**What you have to do**
Exactly the lines from the one containing "하락이든 반등이든 변화가" through the final line of the data below, with pictures omitted, make up the answer.

**Input data**
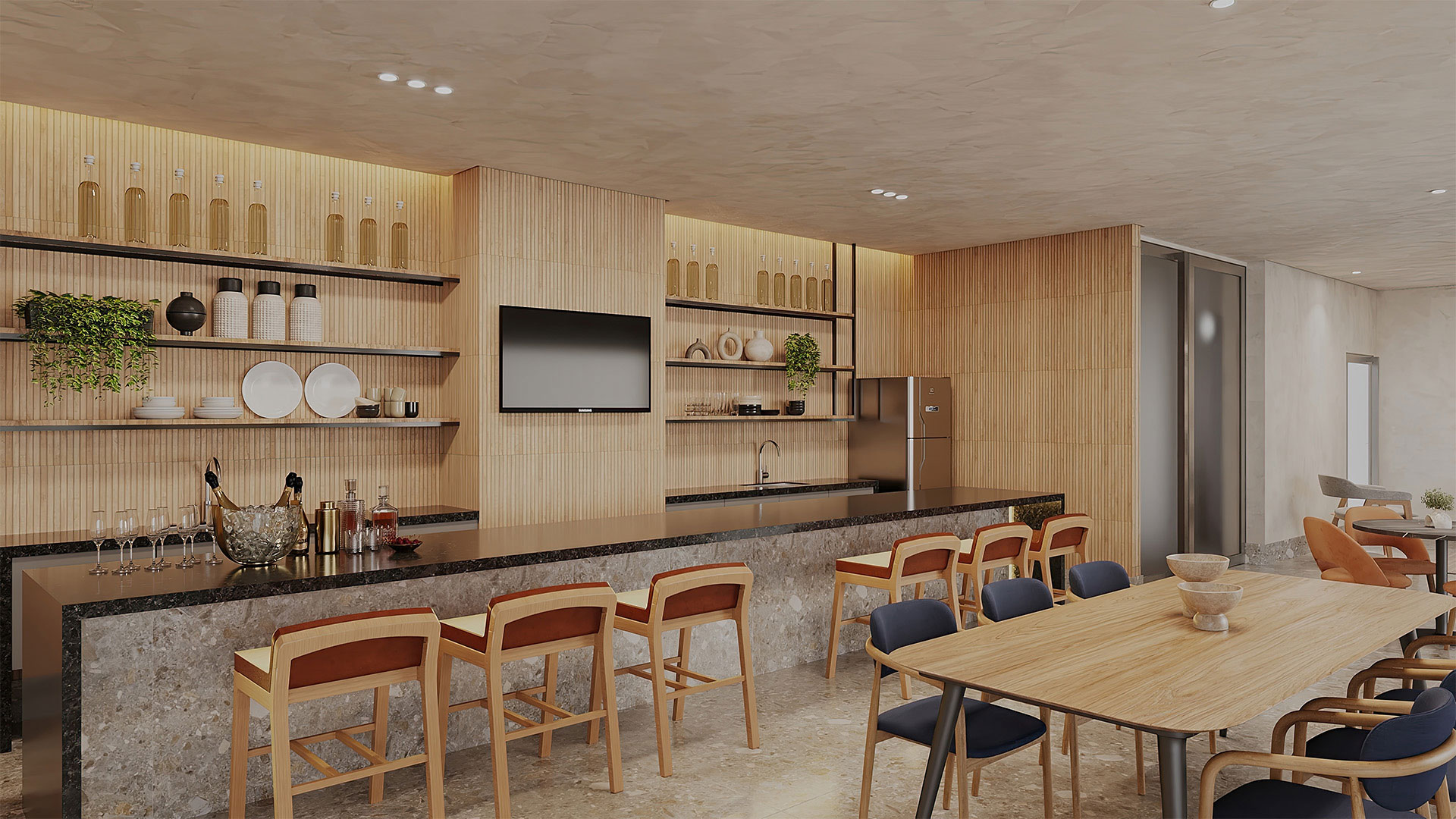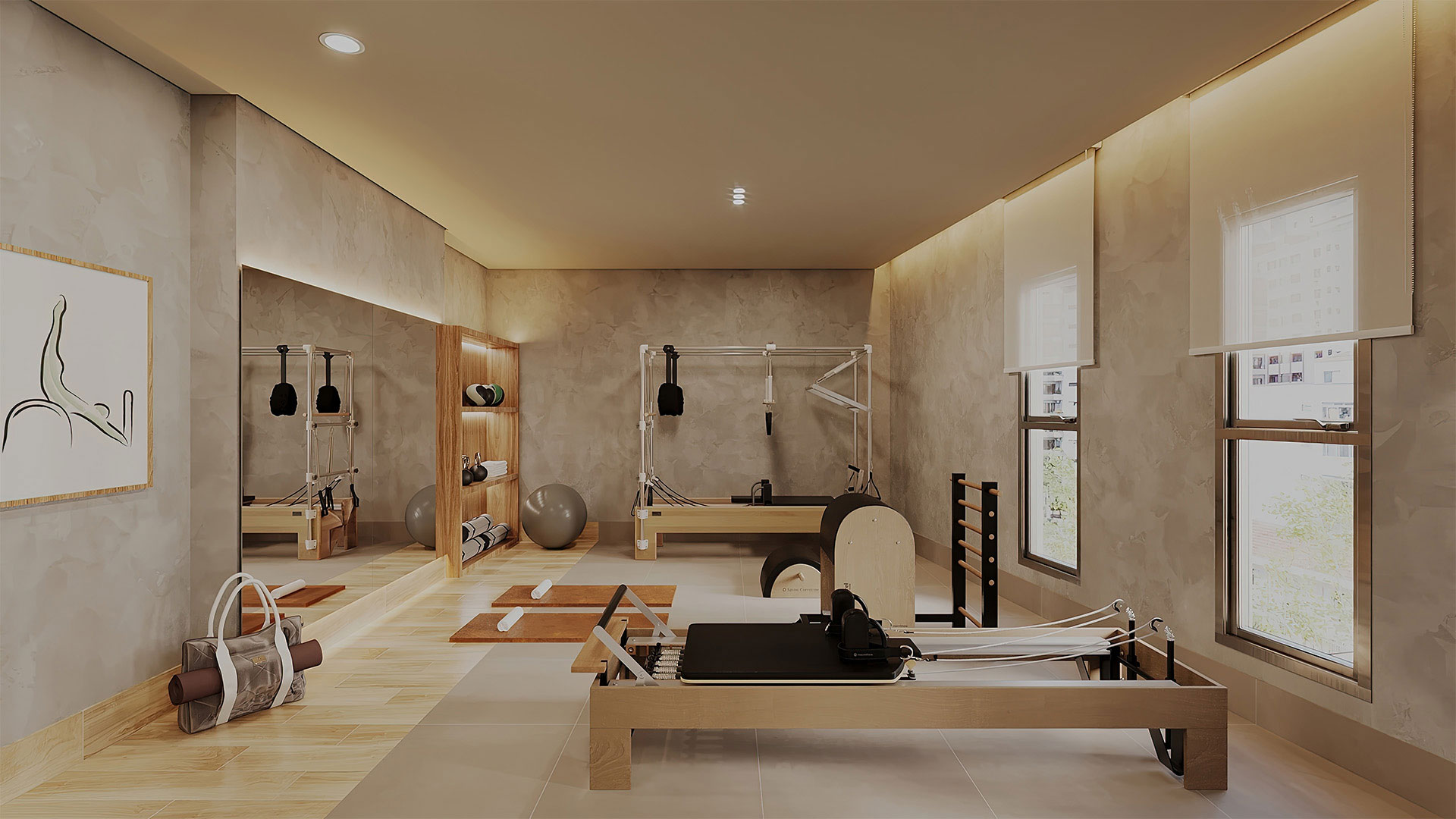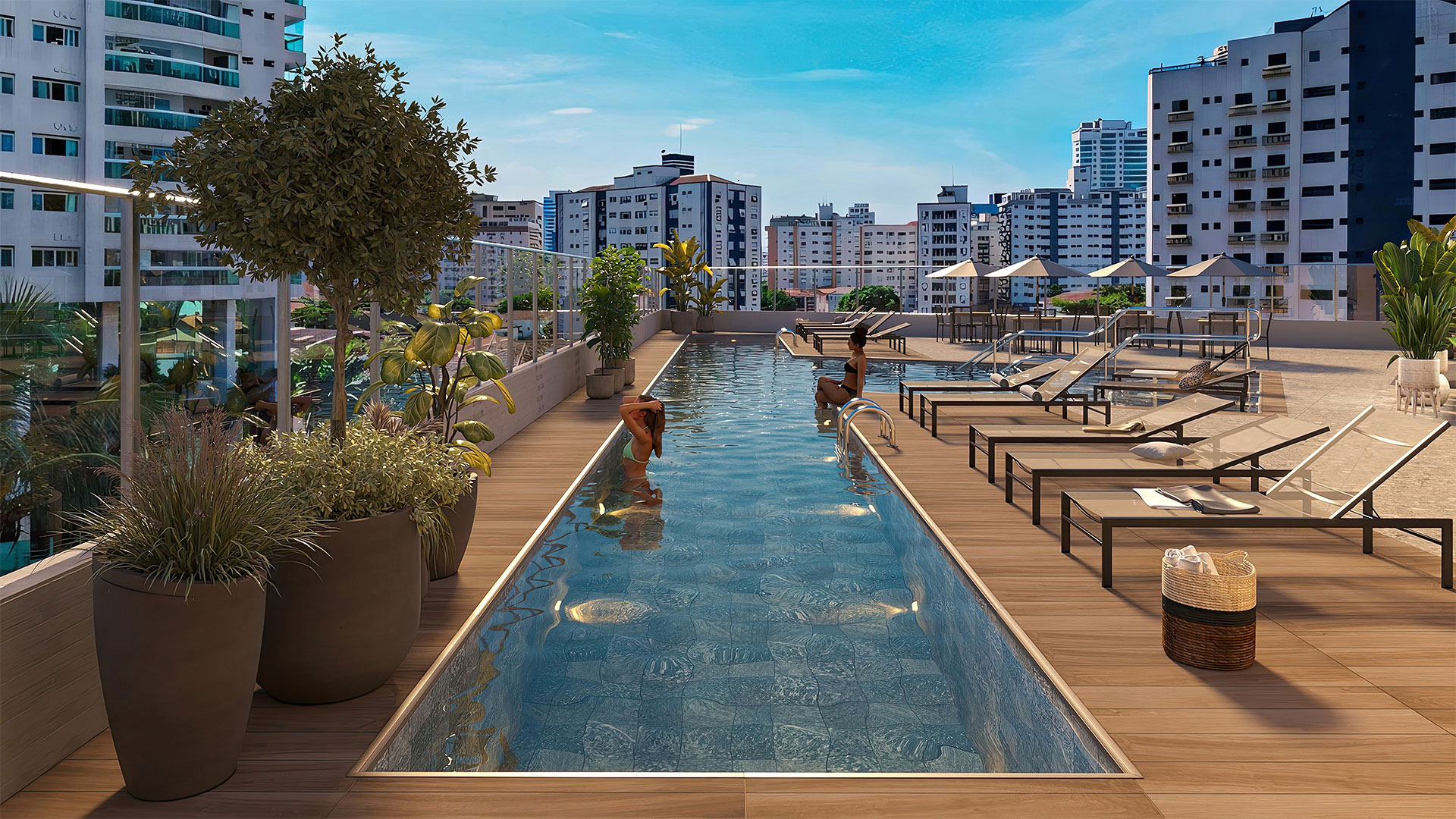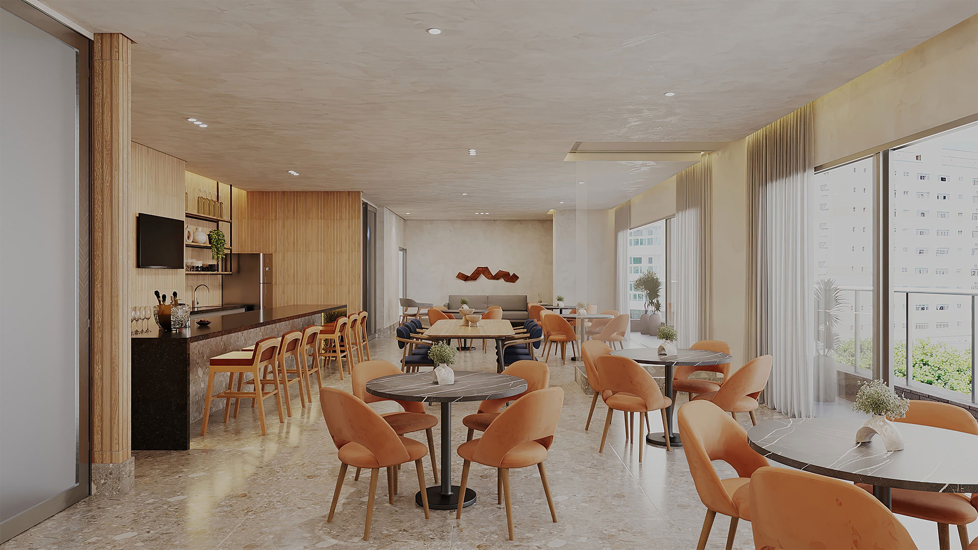 Salão de festas com bar, cozinha e brinquedoteca; salão gourmet com churrasqueira, forno de pizza e terraço coberto; mini quadra; espaço fitness; pilates; sauna com sala de massagem e descanso; piscina com deck molhado e solarium.
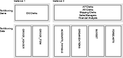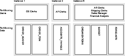 In the case study it is also clear that the Accounts Payable data is written exclusively by AP clerks. This data and set of users can also be very effectively partitioned onto a separate instance, as shown in Figure 13-3.
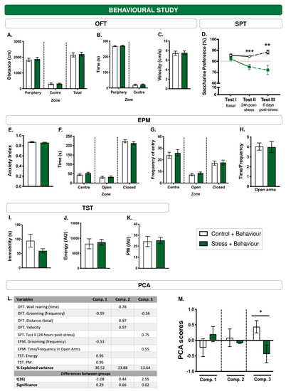 Acute WIRS-type stress exposure has an anhedonic effect at the behavioural level. Along with stress, a battery of behavioural tests modelling depression and anxiety were applied. (A–C) Basal levels of animals’ locomotor activity in the OFT. (D) Preference for saccharin assessed by SPT at baseline (Test I), 24 h post-stress (Test II) and 6 days post-stress (Test III). The red discontinuous line indicates the minimum threshold of preference for the 0.05% saccharin solution. Anxiety levels (E), locomotor activity (F,G), and time/frequency ratio on open arms (H) of the animals in the EPM. (I–K) Immobility, energy and power of movement measures in the TST. (L) Data from the PCA performed with relevant behavioural outcomes. Negative scores indicate an inverse correlation to the component (Comp.). KMO = 0.57; χ2 = 243.20; p = 0. In addition, Student’s t-statistics for PCA scores in each component are provided. (M) PCA scores for each component and group (‘Control + Behaviour’ and ‘Stress + Behaviour’). * p ≤ 0.05; ** p ≤ 0.01; *** p ≤ 0.005 differences between groups using Student’s t test.
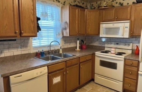 Large private fenced yard with swing set and eating/grilling area. Work desk and Futon in 3rd bedroom (Futon opens to Full size bed). Kitchen is fully stocked with all utensils/pots/pans as well as basic cooking items. Complimentary Coffee and Tea station. 3 Tv's all equipped with free access to Disney Plus and Netflix. Quiet rural neighborhood close to neighborhood park and walking trail.
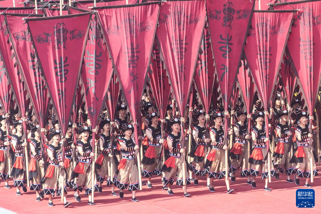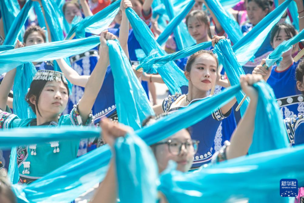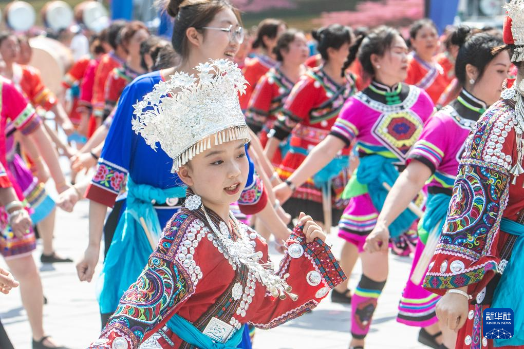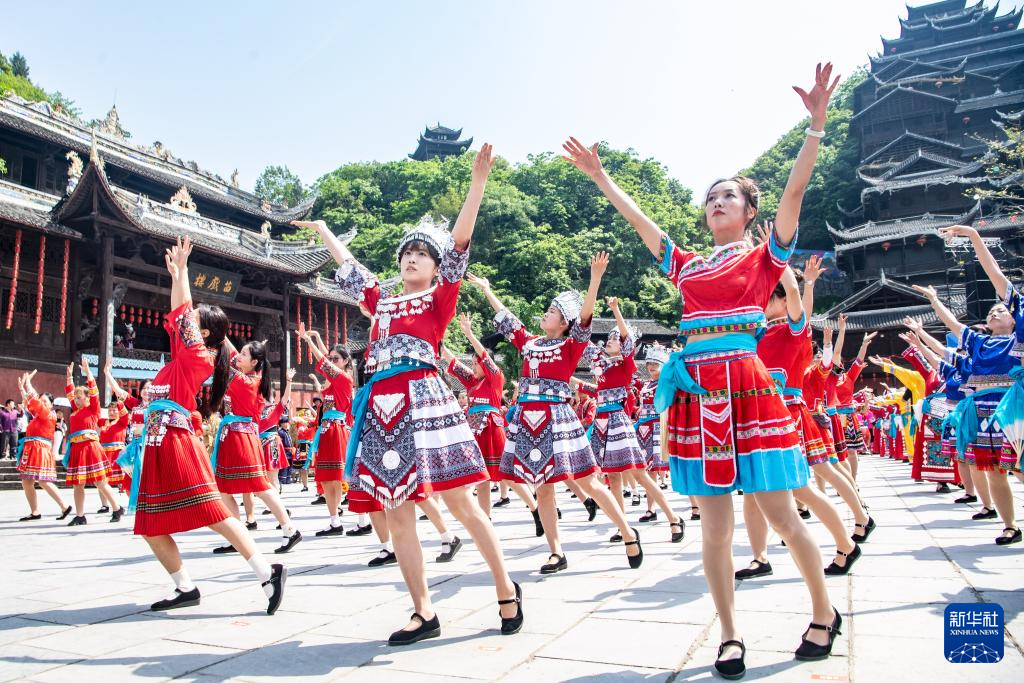當日,第十四屆烏江苗族踩花山節在重慶市彭水苗族土家族自治縣的蚩尤九黎城啟幕。來自全國各地的游客和穿著節日盛裝的苗鄉兒女,同唱嬌阿依、共舞踩花山,一起歡慶苗族的傳統節日。
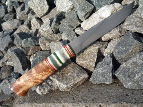 Здравия Всем. Сделан был хор. человеку "под рыбалку". ТТХ...примерно под линеечку...К:140/22/2,5 спуски прямые+фальшьлезвие,Р:120/32/20 Кап берёзы под льнянку и мастику.Больстер-бронза какая-то. Ловлю мебель :) желательно конструктивную. Пи.Си. Ножен небыло пошито-хор.человек сам руки в дело запустить собирался :) Пи.Пи.Си. Нож уже был выложен однажды на обсуждение...хотелось бы узнать"местное" мнение.
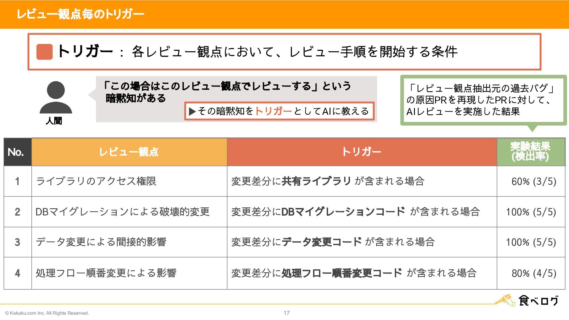 トリガー 実験結果 (検出率) 1 ライブラリのアクセス権限 変更差分に共有ライブラリ が含まれる場合 60% (3/5) 2 DBマイグレーションによる破壊的変更 変更差分にDBマイグレーションコード が含まれる場合 100% (5/5) 3 データ変更による間接的影響 変更差分にデータ変更コード が含まれる場合 100% (5/5) 4 処理フロー順番変更による影響 変更差分に処理フロー順番変更コード が含まれる場合 80% (4/5) 「この場合はこのレビュー観点でレビューする」という 暗黙知がある 「レビュー観点抽出元の過去バグ」 の原因PRを再現したPRに対して、 AIレビューを実施した結果 人間 トリガー : 各レビュー観点において、レビュー手順を開始する条件 その暗黙知をトリガーとしてAIに教える
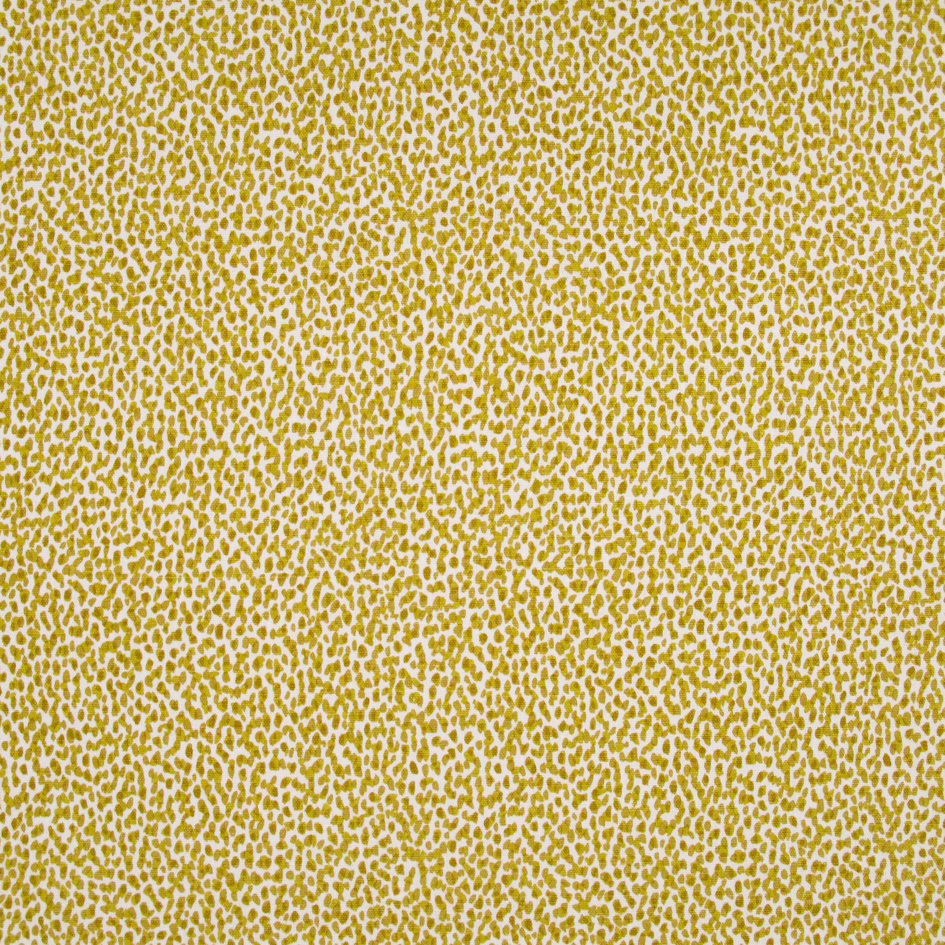 Fabric in a dappled animal print in shades of olive and mustard on a cream field.
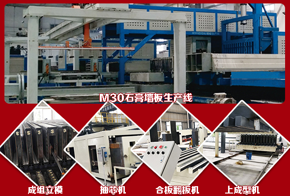 M30石膏墻板生產線:成組立模,抽芯機,合板翻板機,上成型機
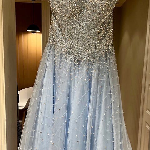 Str XS, kan snøres noe ut/inn, lengde ok til jente ca 160-165 (litt slep i gulvet om høyde 160). Overdelen har tettsittende fasong med dekorative detaljer, mens skjørtet faller vidt og langt. Egnet til formelle anledninger som fest, ball eller andre spesielle begivenheter.
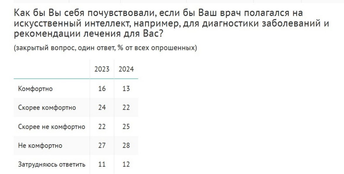 Лишь 13% россиян почувствовали бы себя комфортно, если бы их лечащий врач полагался на искусственный интеллект для диагностики заболеваний и рекомендации лечения. 22% — скорее комфортно. 25% — скорее некомфортно. 28% — некомфортно. Притом по сравнению с 2023 годом число тех, кому было бы комфортно и скорее комфортно, незначительно снизилось — в общей сложности на 5 процентных пунктов.
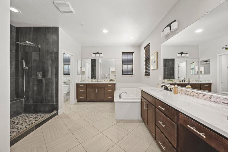 Double Sinks, Full on Ground Floor, Half on Ground Floor, Primary - Oversized Tub, Shower over Tub - 1, Stone, Tile, Tub in Primary Bedroom
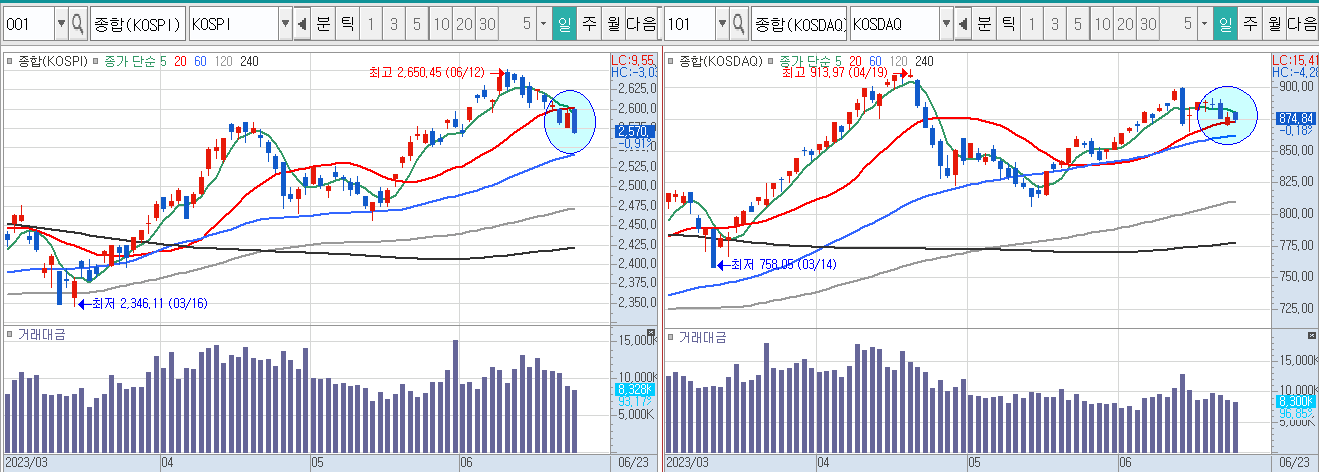 하락이든 반등이든 변화가 시작되는 첫 단추이자 기준은 항상 5일 이평선으로 보시면 좋습니다.
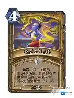 新:吸血。对一个随从造成4点伤害。如果你在本回合中施放过神圣法术,则法力值消耗为(1)点。
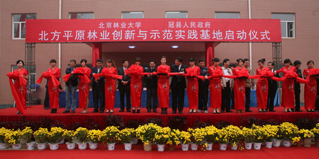 近日,北京林業大學在山東冠縣建設的北方平原林業創新與良種示范基地正式啟用。校長宋維明、副校長張啟翔和國家林業局科技司副司長李興等有關負責人一起,為新基地啟用剪彩。
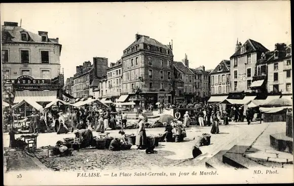 Ak Falaise Calvados, La Place Saint Gervais un jour de marche
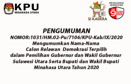 Komisi Pemilihan Umum Kabupaten Minahasa Utara Mengumumkan Calon Relawan Terpilih dalam Pemilihan Gubernur dan Wakil Gubernur Serta Bupati dan Wakil Bupati Minahasa Utara Tahun 2020
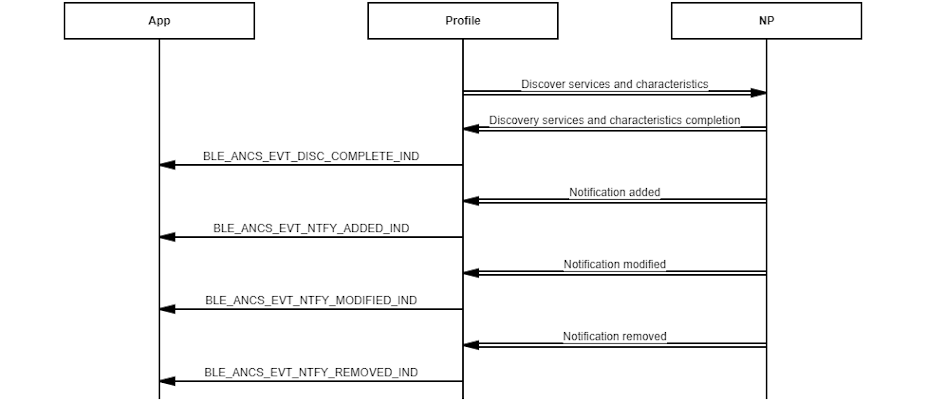 Message Sequence Chart Example demonstrating the process of receiving ANCS notifications. Example demonstrating the retrieval of notification attributes.

**Written response**
 하락이든 반등이든 변화가 시작되는 첫 단추이자 기준은 항상 5일 이평선으로 보시면 좋습니다.
 新:吸血。对一个随从造成4点伤害。如果你在本回合中施放过神圣法术,则法力值消耗为(1)点。
 近日,北京林業大學在山東冠縣建設的北方平原林業創新與良種示范基地正式啟用。校長宋維明、副校長張啟翔和國家林業局科技司副司長李興等有關負責人一起,為新基地啟用剪彩。
 Ak Falaise Calvados, La Place Saint Gervais un jour de marche
 Komisi Pemilihan Umum Kabupaten Minahasa Utara Mengumumkan Calon Relawan Terpilih dalam Pemilihan Gubernur dan Wakil Gubernur Serta Bupati dan Wakil Bupati Minahasa Utara Tahun 2020
 Message Sequence Chart Example demonstrating the process of receiving ANCS notifications. Example demonstrating the retrieval of notification attributes.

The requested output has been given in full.